The most clinically relevant finding of this study was that the optimal cutoff markedly improved diagnostic accuracy compared with the standard single cutoff, particularly in participants with CKD. Across both the UGOT and Roche platforms, accuracy improved substantially in the CKD group, with absolute gains of approximately 18 percentage points in the UGOT cohort and 12 percentage points in the Roche cohort. This improvement followed a clear severity-dependent pattern, being modest in participants with an eGFR of 45 to 60 mL/min/1.73 m2 but much more pronounced in those with eGFR less than 45 mL/min/1.73 m2, where accuracy increased by as much as 40 percentage points. A modest but consistent enhancement was also observed in anemia, with gains of about 6 percentage points on both platforms. Because CKD and anemia often co-occurred in our cohort, we examined whether their overlap explained these improvements. Even after excluding individuals with both conditions, the diagnostic advantage of the optimal cutoff remained, indicating that kidney dysfunction and anemia exert independent effects on plasma p-tau217 levels.
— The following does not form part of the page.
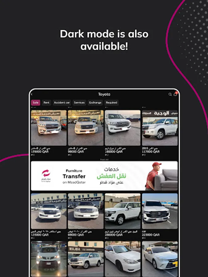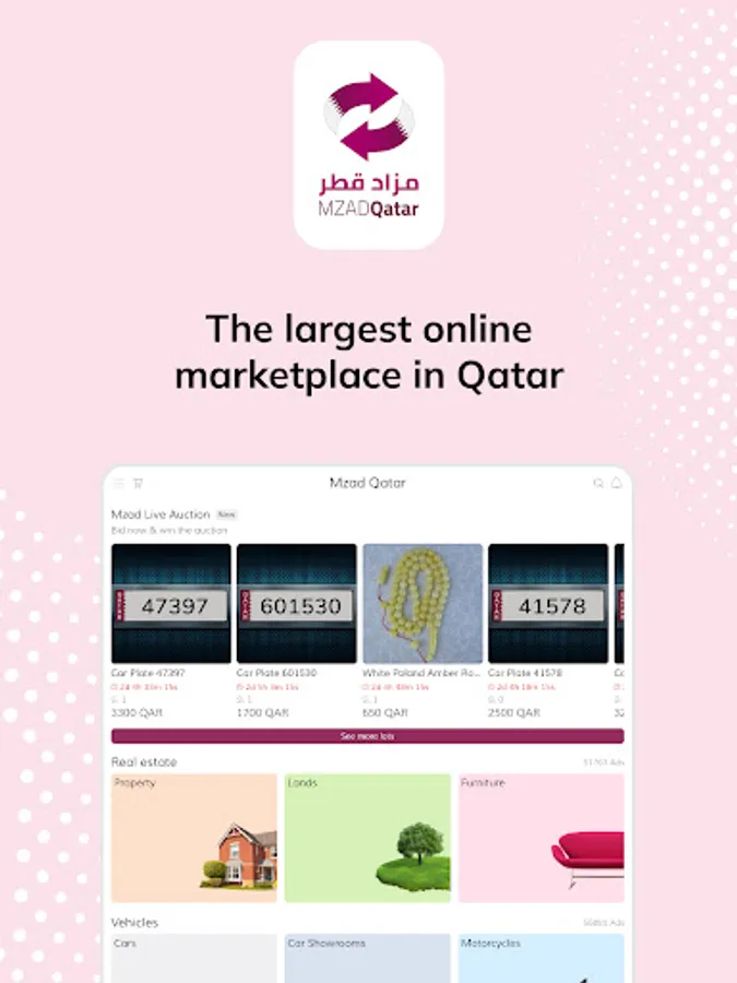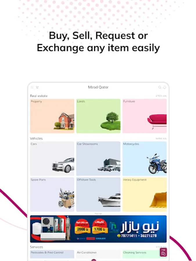 By downloading MzadQatar APP you get the largest platform to buy and sell in Qatar, Start immediately selling your products and what you don't need anymore, Or search what you need to buy easily in MzadQatar's various categories.

In contrast, underweight and obesity showed negligible change, suggesting that while body composition may slightly influence plasma p-tau217 concentrations, it exerts minimal impact on diagnostic classification. Collectively, these findings indicate that kidney dysfunction and anemia elevate baseline plasma p-tau217 levels, necessitating modest upward adjustment of diagnostic thresholds to preserve precision for Aβ positivity. This underscores the need to account for systemic biological factors, particularly kidney function and anemia, when interpreting plasma biomarker cutoffs in clinically heterogeneous populations.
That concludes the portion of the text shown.